**Exercise prompt**
Beginning at the line containing "LILITH Stand collar", give again every line through the end of the data, unchanged and with both ends included. Drop any pictures.

**Data segment**
┌────────

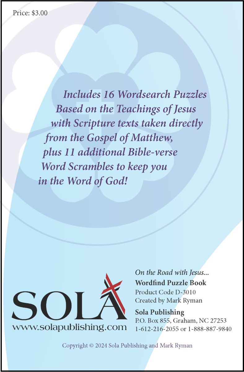 This little booklet is a collection of puzzles based on the Teachings of Jesus. It includes 16 Wordsearch Puzzles with Scripture texts taken directly from the Gospel of Matthew, plus 11 additional Bible-verse Word Scrambles to keep you in the Word of God!
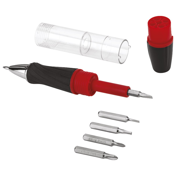 Specifikacija: 1 kemijska (plastično prozirno tijelo olovke), LED svijetiljka i magnetni odvijač sa 5 nastavaka; baterije uključene
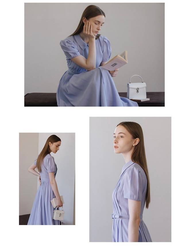LILITH Stand collar pin tucked long dress (Cornflower blue)
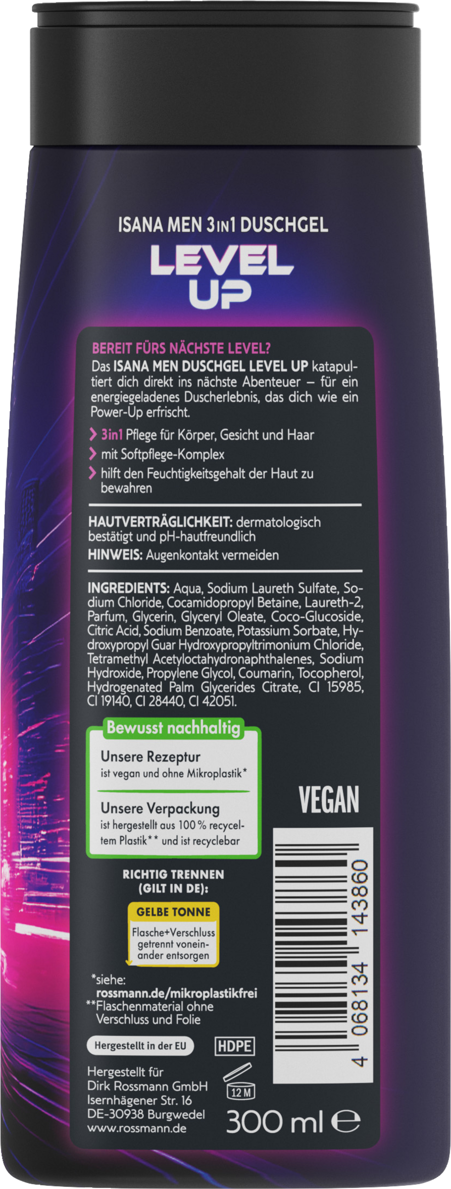 Das ISANA MEN DUSCHGEL LEVEL UP katapultiert dich direkt ins nächste Abenteuer – für ein energiegeladenes Duscherlebnis, das dich wie ein Power-Up erfrischt.

└────────

**Task solution**
LILITH Stand collar pin tucked long dress (Cornflower blue)
 Das ISANA MEN DUSCHGEL LEVEL UP katapultiert dich direkt ins nächste Abenteuer – für ein energiegeladenes Duscherlebnis, das dich wie ein Power-Up erfrischt.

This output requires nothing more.